Aim of the exercise.
Transcribe the listing word for word, beginning at its first line and ending at the line containing "La propuesta habita"; omit the pictures.

═══ Collected data ═══

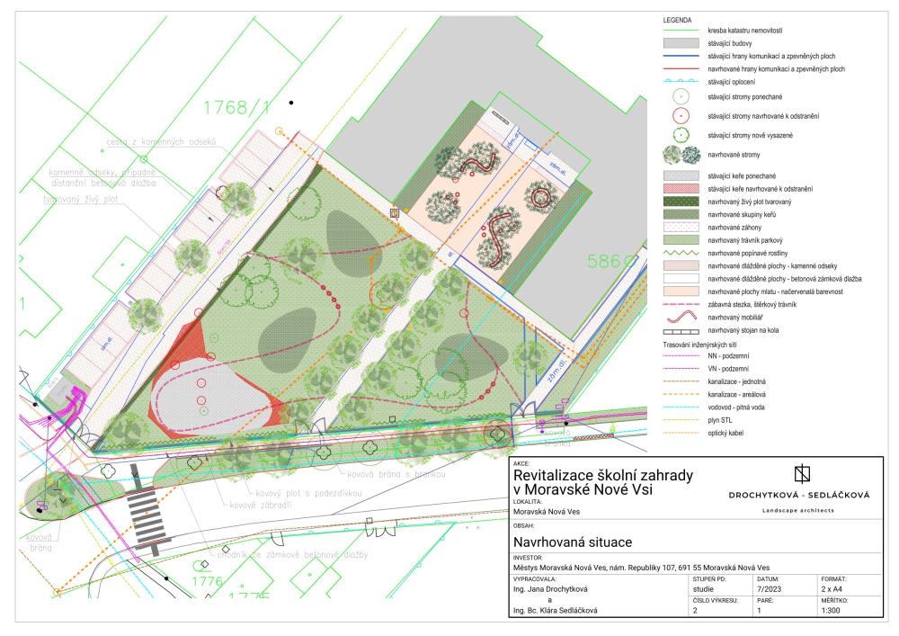Bude provedena obnova veřejného prostoru před základní školou, který byl zasažen tornádem v roce 2021. Bude obnoveno oplocení, plotová zídka, komunikace, parkoviště a veřejné osvětlení. Dále bude obnovena parková část, zeleň a herní prvky.
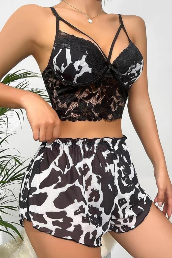 İnce askılı üst ve esnek bel yapısına sahip şorttan oluşan bu takım, sıcak havalarda ferah ve konforlu bir uyku deneyimi sağlar. Fantezi dokusu ve özel kesimi ise klasik pijamalardan sıyrılıp stilinizi ön plana çıkarır.
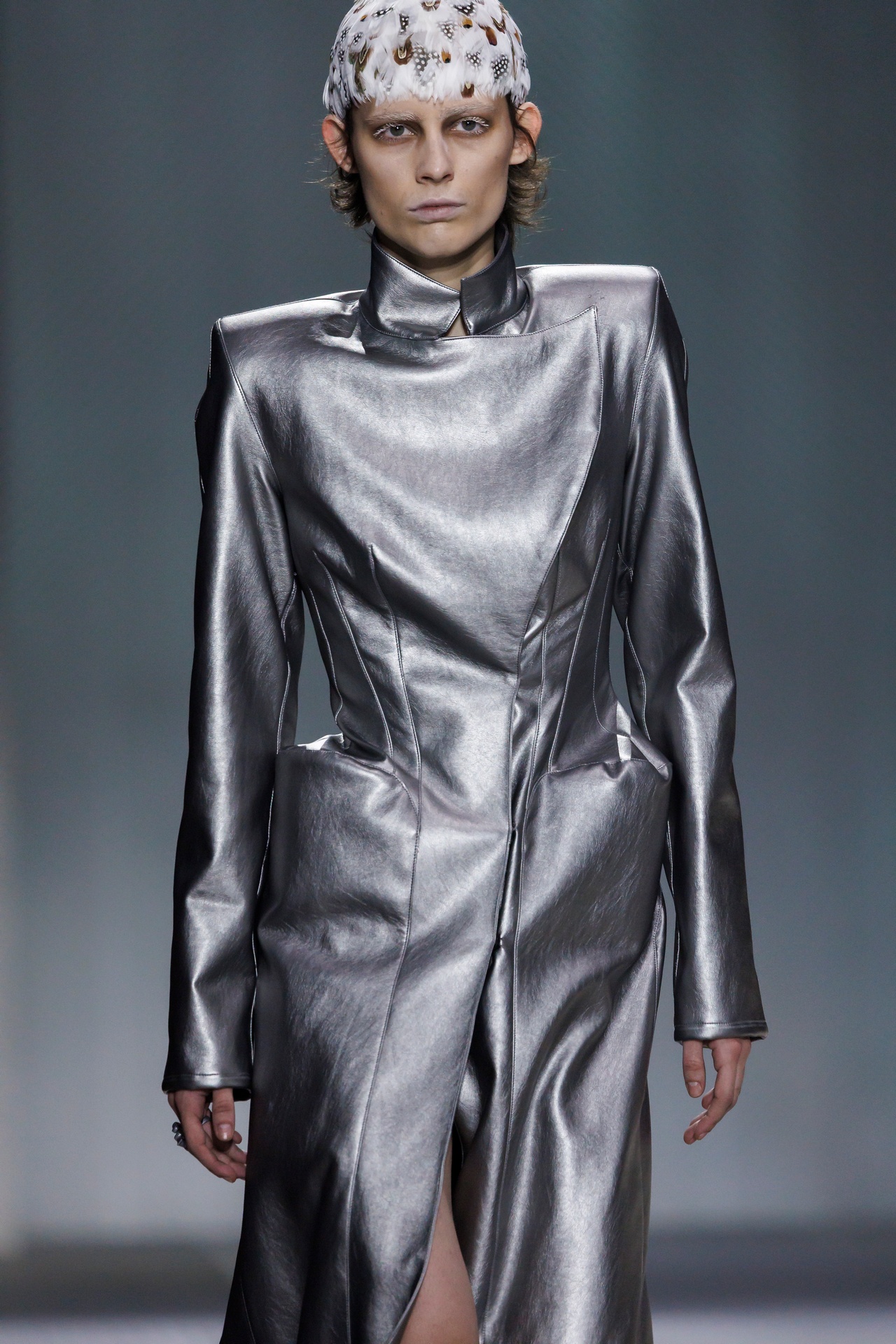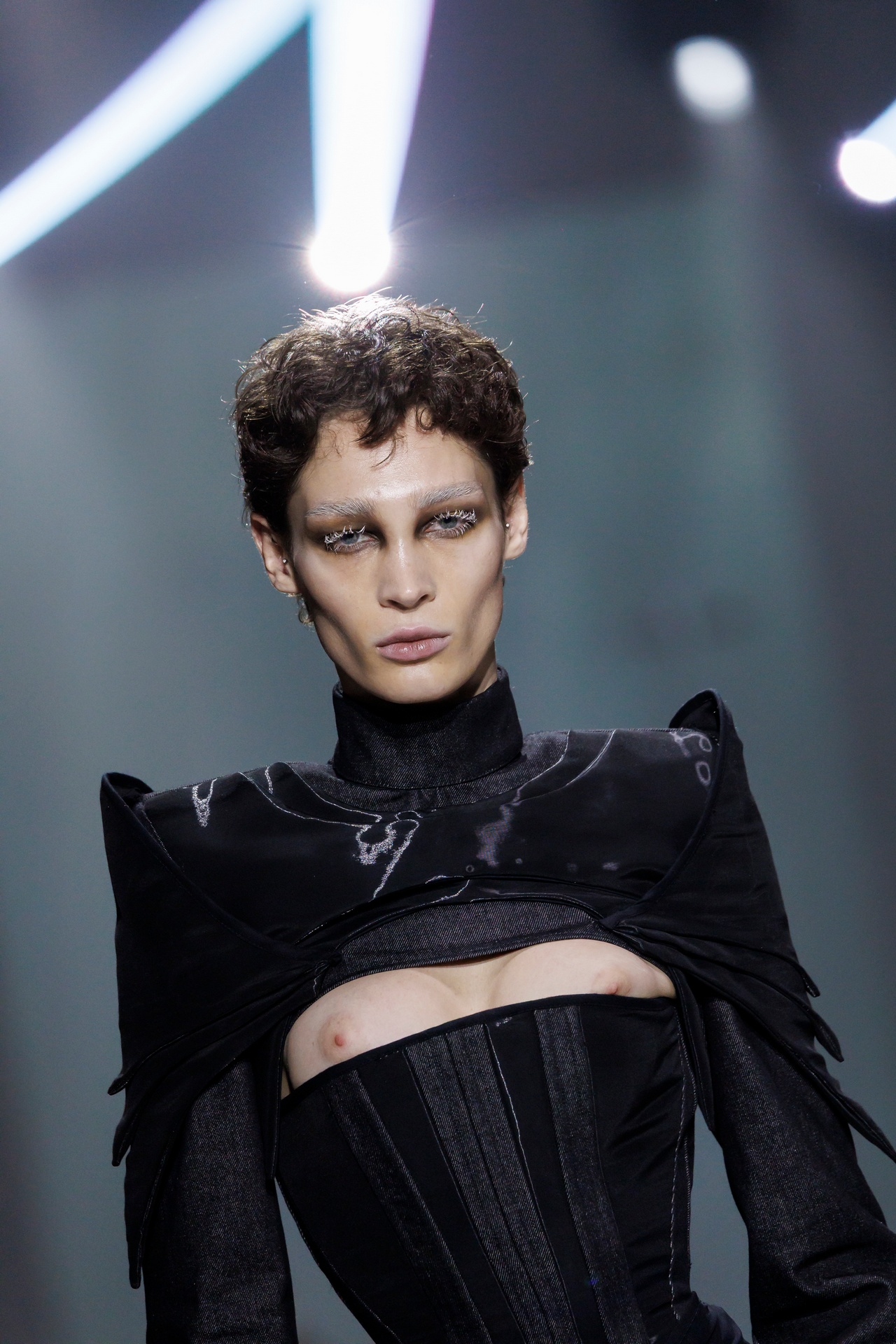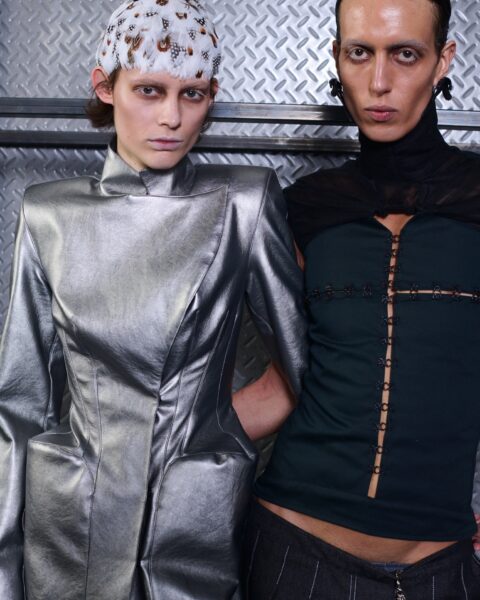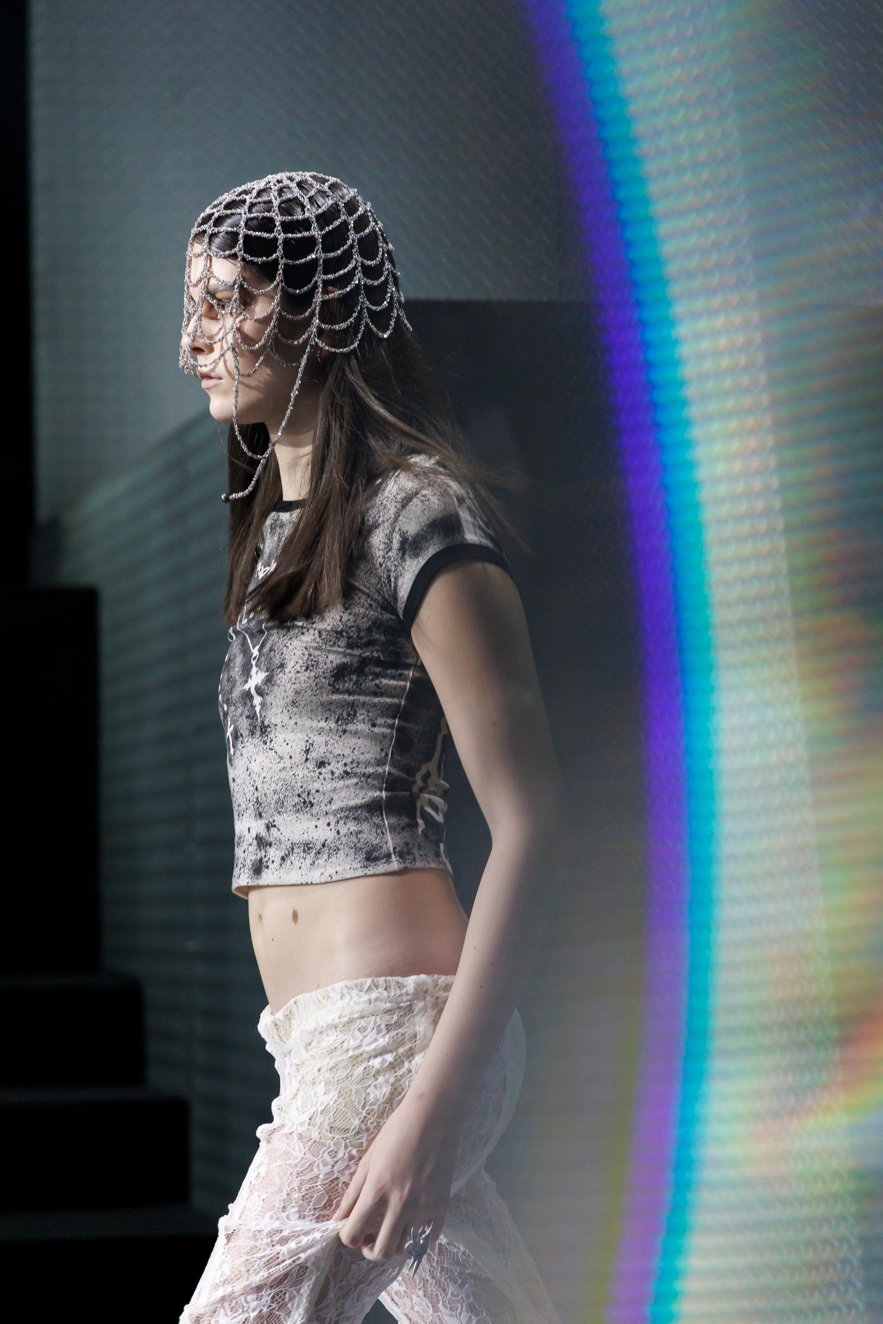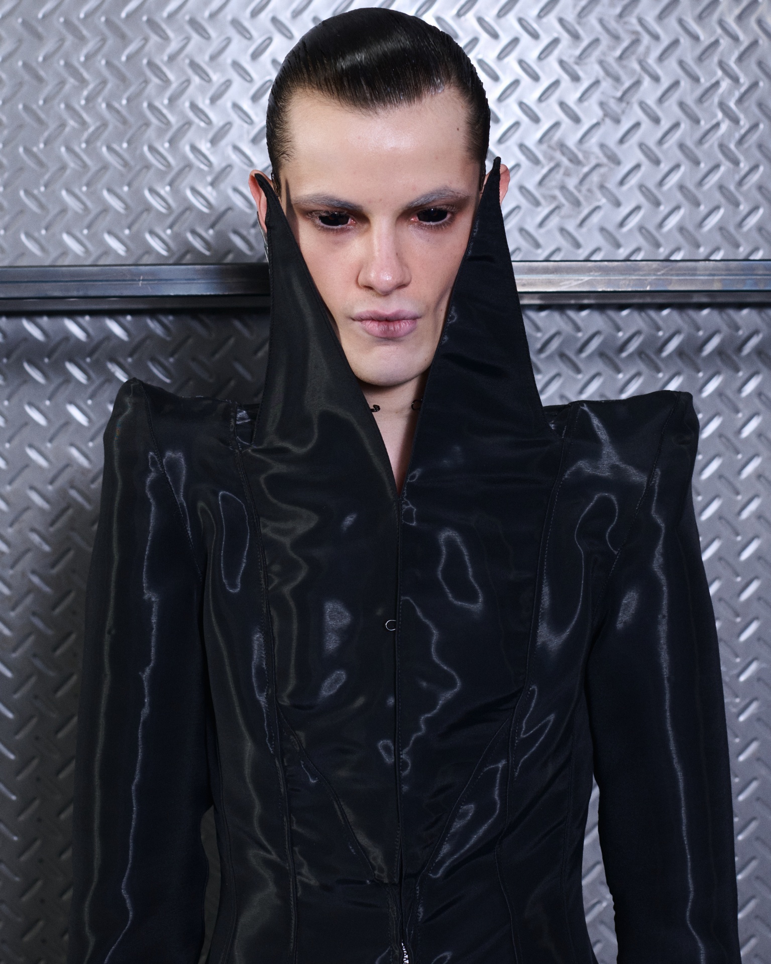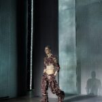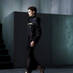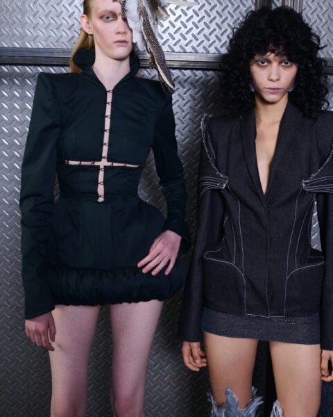 La propuesta habita un territorio entre lo espiritual y lo estructural, entre la luz metálica y la sombra del fuego. A través de materiales como organza, cuero sintético, pelo y encaje quemado, la colección aborda la idea de regeneración: el cuerpo que se quema, muta y renace. Cada textura cumple una función narrativa —estructura, ligereza, memoria abrasada, protección— construyendo un lenguaje visual de resistencia y transformación. La paleta cromática, del gris perla al negro carbón con reflejos plateados y pulsos de rojo, refuerza la tensión entre vulnerabilidad, poder y fortaleza interior.
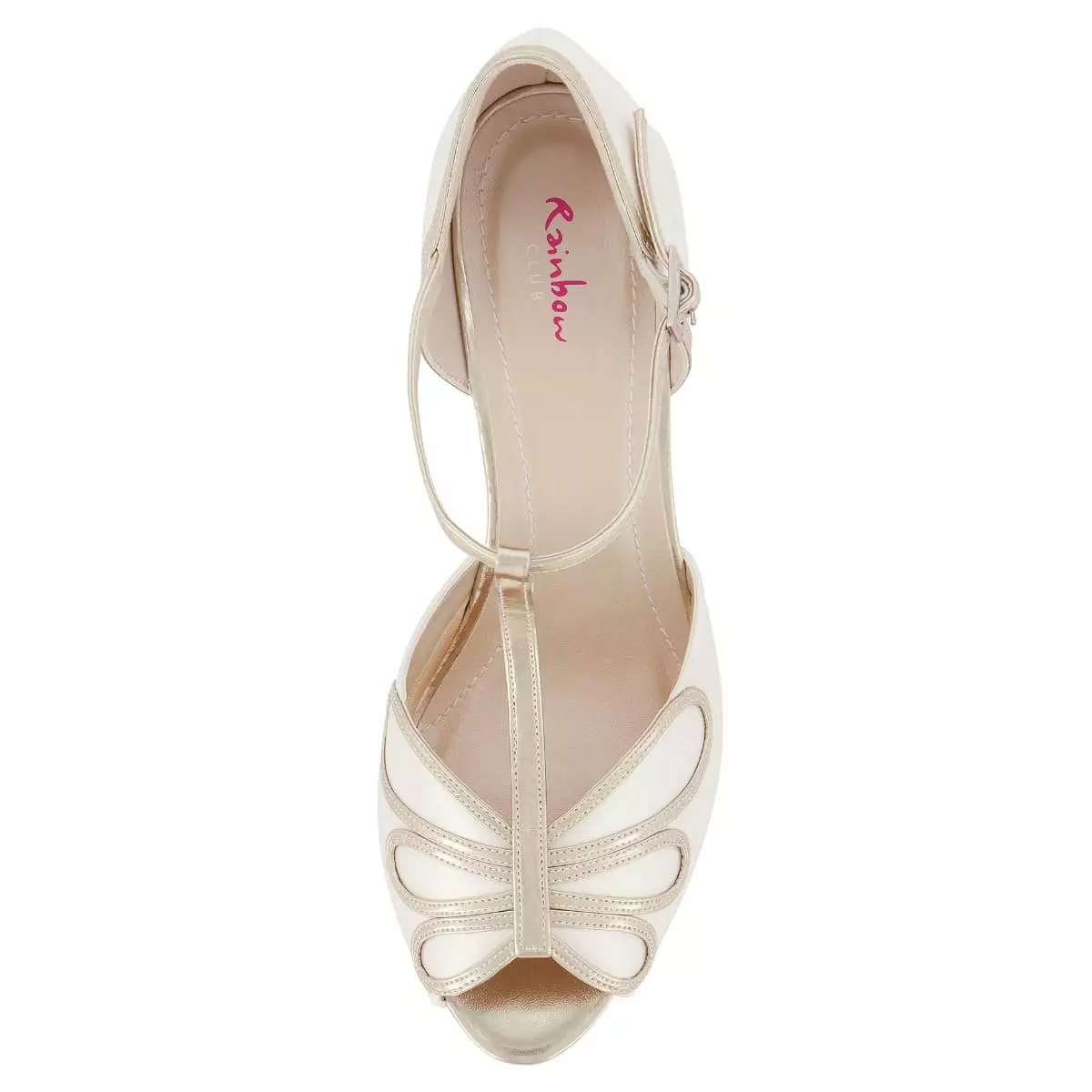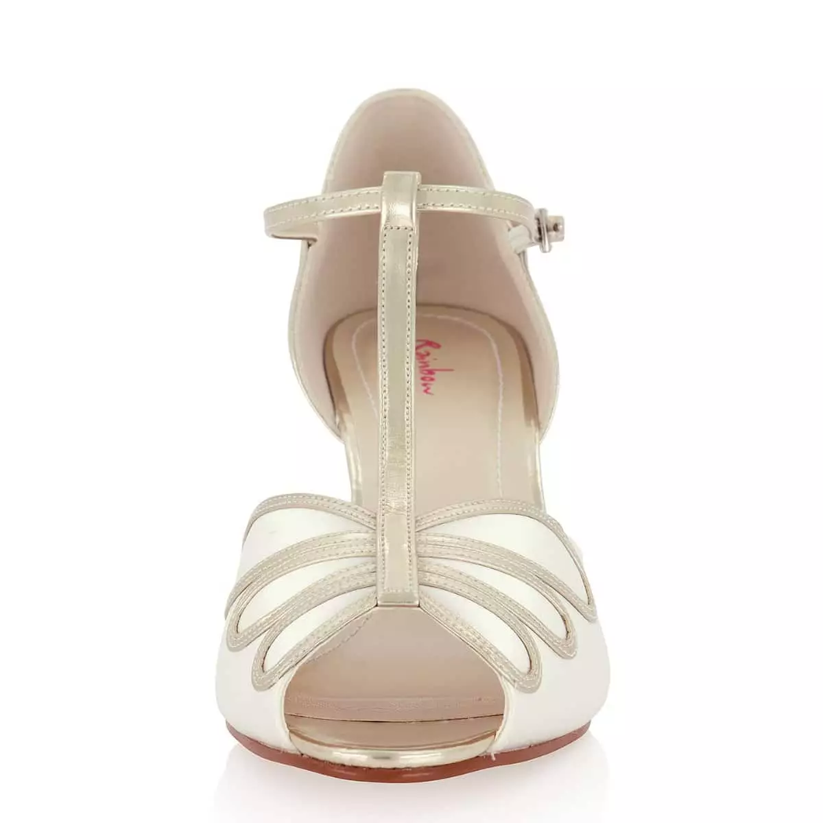 Elegante Brautschuhe Harlowe von Rainbow Club aus der Kollektion 2022. Diese Peeptoes haben ein ausgelassenes Design im Stil der Goldenen 20er. Dieses Design ist zurzeit besonders gefragt! Gefertigt sind die Schuhe aus hochwertigem Satin in Farbe Ivory mit stylischen goldenen T-Bar-Riemchen. Der 6,5 cm hohe Trichterabsatz ist besonders bequem und passt ideal zum klassischen Look dieses Modells. In Kombination mit einem weichen Soft Bliss-Futter in der Innensohle bieten sie einen hohen Tragekomfort.

═══

Answer section.
Bude provedena obnova veřejného prostoru před základní školou, který byl zasažen tornádem v roce 2021. Bude obnoveno oplocení, plotová zídka, komunikace, parkoviště a veřejné osvětlení. Dále bude obnovena parková část, zeleň a herní prvky.
 İnce askılı üst ve esnek bel yapısına sahip şorttan oluşan bu takım, sıcak havalarda ferah ve konforlu bir uyku deneyimi sağlar. Fantezi dokusu ve özel kesimi ise klasik pijamalardan sıyrılıp stilinizi ön plana çıkarır.
 La propuesta habita un territorio entre lo espiritual y lo estructural, entre la luz metálica y la sombra del fuego. A través de materiales como organza, cuero sintético, pelo y encaje quemado, la colección aborda la idea de regeneración: el cuerpo que se quema, muta y renace. Cada textura cumple una función narrativa —estructura, ligereza, memoria abrasada, protección— construyendo un lenguaje visual de resistencia y transformación. La paleta cromática, del gris perla al negro carbón con reflejos plateados y pulsos de rojo, refuerza la tensión entre vulnerabilidad, poder y fortaleza interior.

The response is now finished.